Atomkraft? Nein, Danke! is the third full-length album by the American electronic band Earthstar. It was their second release for the Hamburg, Germany-based Sky Records on February 1, 1981. Atomkraft? Nein, Danke! was recorded during 1979 and 1980 at Deponté la Rue Studio in Paris, France, and IC Studios and Emch Studio in West Germany. Additional tracks were recorded at Aura Sound Studio in New York. All tracks were written by Craig Wuest except "Golden Rendezvous", which was written by Wuest and Daniel Zongrone, and "Forest Floor, Part II: Aras", a tape-loop improvisation with guitarist Dennis Rea.
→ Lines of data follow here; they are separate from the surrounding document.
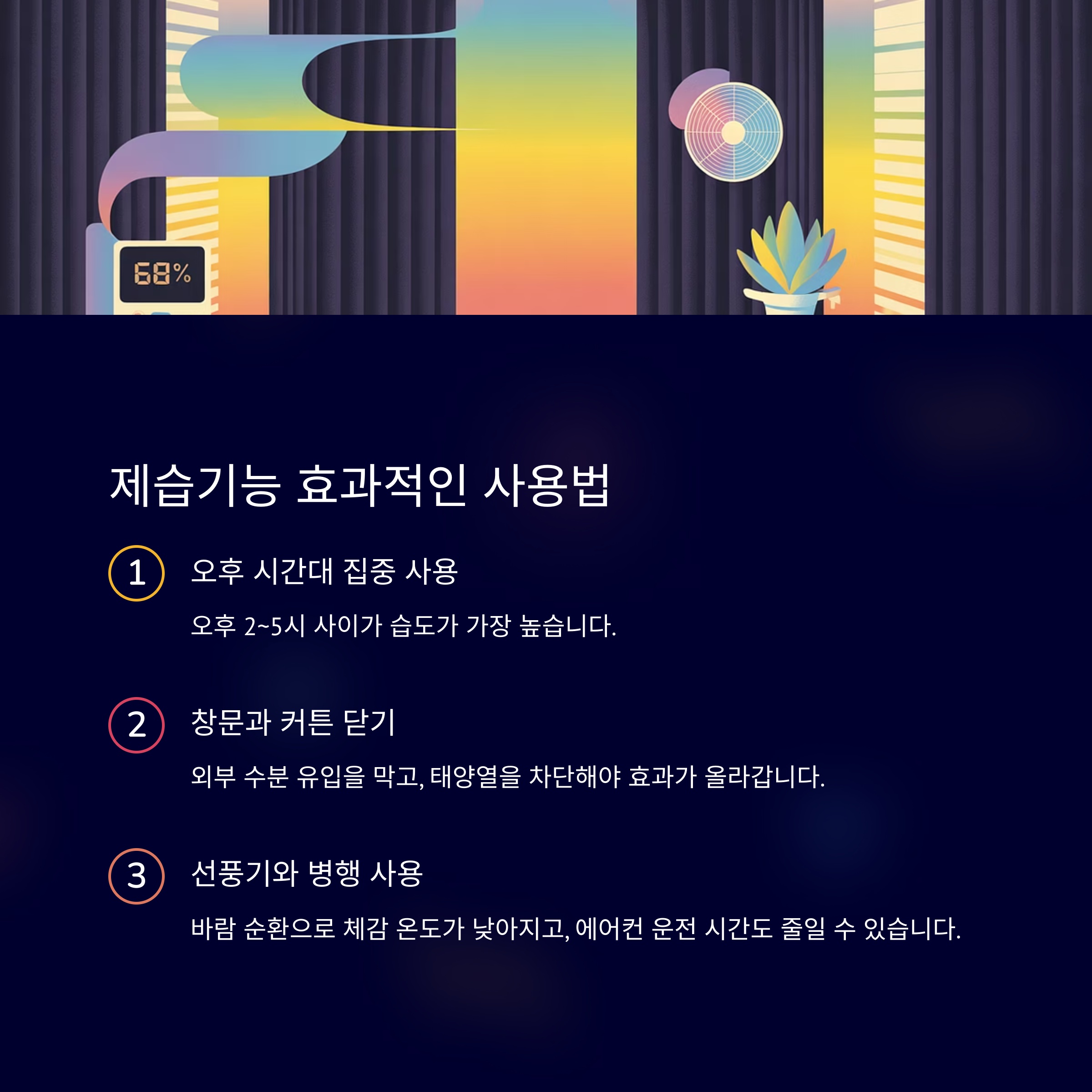 에어컨 운전 시간도 줄일 수 있습니다. - 실내 습도계를 활용해 수치 확인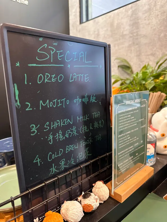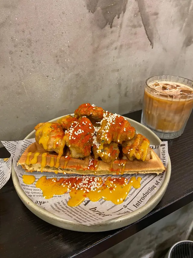 <炸雞配蜜糖芥末醬窩夫>窩夫上鋪滿炸雞粒 一啲都唔吝嗇👍🏼下面窩夫脆身 鹹甜嘅味道配合得宜😙值得一讚係炸雞外脆內嫩 keep到肉汁 仲有蜜糖芥末醬同七味粉調味 夠惹味😛.<Virgin mojito with coffee>係夏天special✨以espresso代替酒精 入面仲有薄荷 青檸同梳打水 十分之清新解渴~😊.<Matcha latte>用上小山園抹茶粉~抹茶味偏淡 但攪得均勻 無苦澀味(⁎⁍̴̛ᴗ⁍̴̛⁎)…查看更多
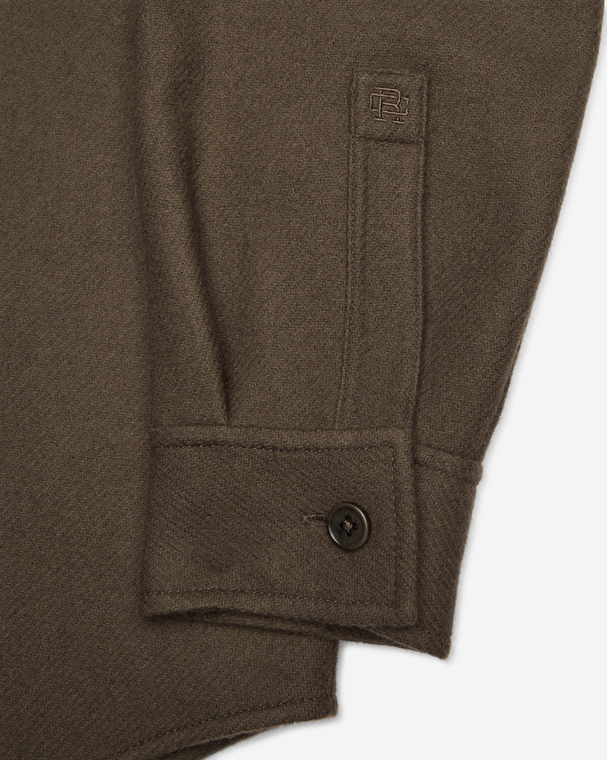 - Monogram embroidery at left sleeve
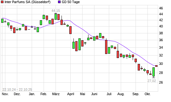 Mit dem Rücksetzer auf 29,50 EUR hat die Inter Parfums-Aktie am 21.10.2025 die 50-Tage-Linie nach unten gekreuzt.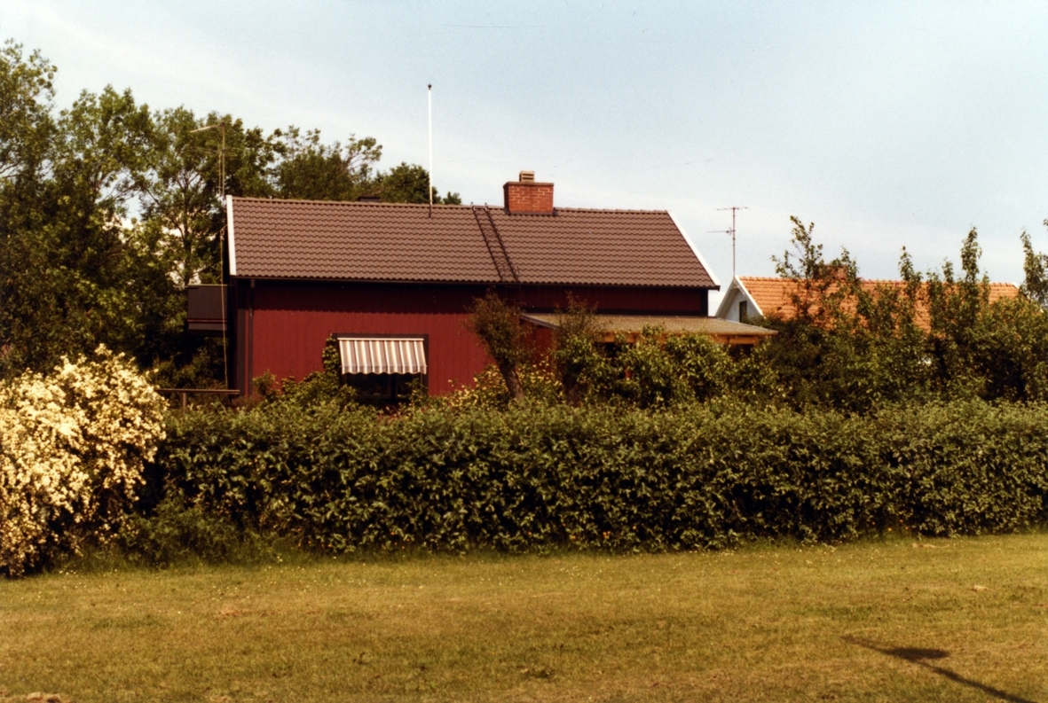 Bostadshus med röd träfasad och sadeltak. Byggmästaren hette Bertil Danielsson.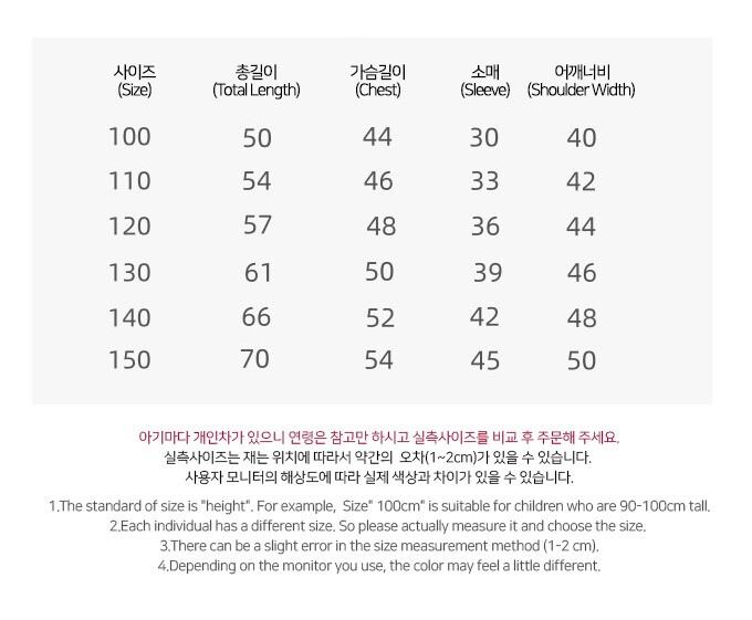 사이즈 : 100,110,120,130,140,150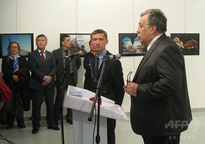 【12月20日 AFP】(更新、写真追加)トルコの首都アンカラ(Ankara)で開かれていた展覧会の会場で19日、ロシアのアンドレイ・カルロフ(Andrei Karlov)駐トルコ大使が警察官の男に撃たれ、死亡した。男は「アレッポ(Aleppo)」や「アッラー・アクバル(神は偉大なり)」などと叫んでいたとされ、ロシア政府は事件を「テロ」と断定した。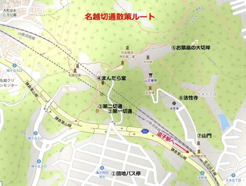 名越切通を散策したルート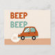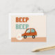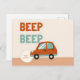 Esta encantadora postal presenta una deliciosa celebración de un hito significativo: pasar un examen de manejo. La parte delantera de la postal está dominada por una divertida y sobredimensionada exclamación tipográfica "BEEP BEEP" en tonos alternados de cálido rústico y verde azulado suave, evocando el sonido de una bocina de auto de una manera amigable y atractiva. Debajo de esta proclamación jubilosa se encuentra una representación estilizada y personalizado de un auto, representado en una alegre sombra de naranja que transmite una sensación de emoción y energía. El diseño del coche es sencillo pero encantador, con bordes redondeados y una estética minimalista que sugiere facilidad y accesibilidad, perfecta para un nuevo conductor. Se posiciona como si estuviera rodando casualmente a lo largo de un camino mutado de bronceado, con su neumático delantero juguetonamente pateando una pequeña nube que contiene el mensaje "¡Buen trabajo en tu prueba de conducción!" La elección de un tipo de letra liviano y aireado para esta nota de felicitación añade un toque personal, como si un soplo de aire del propio auto estuviera transmitiendo el mensaje. El fondo es un gradiente relajante de cremas y beiges, que recuerda a un cielo despejado del alba, que ofrece un lienzo en blanco que sugiere las infinitas posibilidades que vienen con la recién descubierta libertad de conducir. El diseño general de la postal es uno que equilibra la alegría y la sencillez, lo que lo convierte en una forma ideal de transmitir felicitaciones y buenos aplausos al orgulloso nuevo conductor. Ya sea que esté enfundado en un tablero de anuncios, magnetizado a una nevera, o escondido en un libro de recortes, esta postal sirve como un delicioso recuerdo que conmemora un logro memorable. No es sólo un mensaje, sino una celebración visual de la independencia, el logro y los caminos abiertos por delante.

The title, Atomkraft? Nein, Danke! has been the slogan of the German anti-nuclear movement since the 70s and literally means "Nuclear power? No, thanks!", a possible reference to the Smiling Sun logo associated with this phrase. Craig Wuest's intention in recording this album was to create an environmental tone poem, and some tracks, particularly "Sonntagsspaziergang", have an almost symphonic sound. The Planet Mellotron Web site describes the album as "more laid back" than its predecessor French Skyline and "...an ideal opportunity to hear the rarest tape-replay instrument", the Birotron.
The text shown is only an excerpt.